Entre l'agriculture conventionnelle et le bio, il existe peut-être une troisième voie. C'est du moins le pari d'un collectif de producteurs réunis au sein de l'association Nouveaux Champs depuis début 2018 pour valoriser le label Zéro Résidu de Pesticides (ZRP). "Nous sommes actuellement 60 adhérents, dont 22 nouveaux entrants en 2019, qui représentent 5 000 producteurs majoritairement de fruits et légumes frais et transformés, et depuis peu de céréales et de la viticulture. Notre but est de valoriser des pratiques culturales alternatives, les plus économes possible en pesticides voire n'en utilisant pas du tout", explique Gilles Bertrandias, président de Nouveaux Champs et directeur général de la SAS Rougeline basée à Marmande (200 producteurs des trois régions du quart sud-est de la France, CA : 135 M€).
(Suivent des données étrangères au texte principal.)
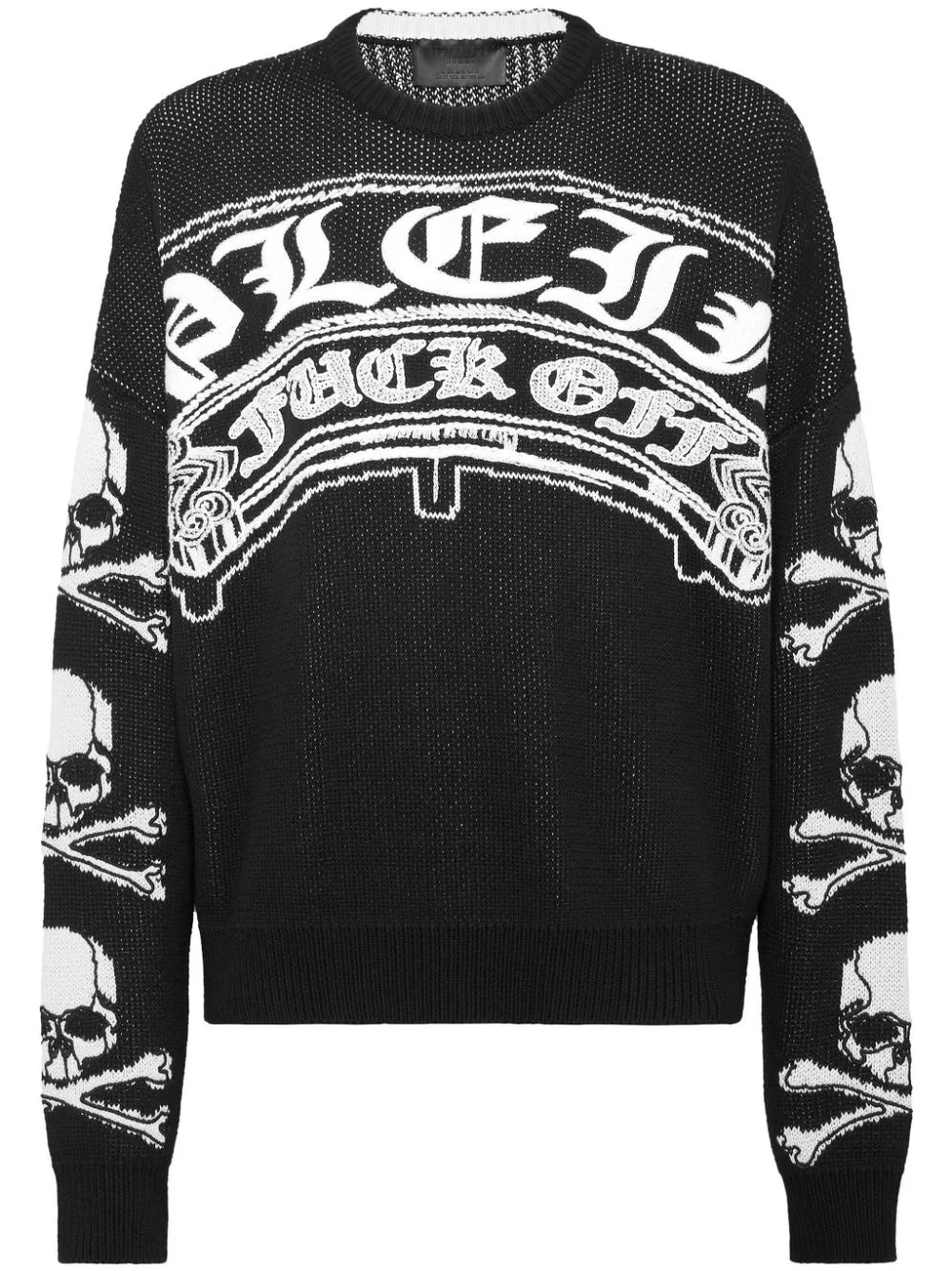 Gothic Plein jumper Highlights - Black/white - Cotton - Knitted construction - Pull-on style - Skull embroidery to the front - Ribbed trim - Crew neck - Long sleeves - Logo patch to the rear Made in Italy Composition Cotton 100%

Chaque adhérent (coût moyen d'adhésion 5 000 €/an) doit faire analyser à ses frais ses lots de production par un laboratoire indépendant certifié Cofrac pour bénéficier de ce label indépendant, s'engageant à garantir l'absence de résidus de pesticides, ce qui ne veut pas dire qu'il s'en interdit l'usage de manière raisonnée. "Le label ZRP représente un engagement de transparence vis-à-vis de consommateurs de plus en plus attentifs à la qualité et l'origine de ce qu'ils mangent et, contrairement à la certification Bio qui représente un engagement de moyen, il propose un engagement de résultat", assure Gilles Bertrandias.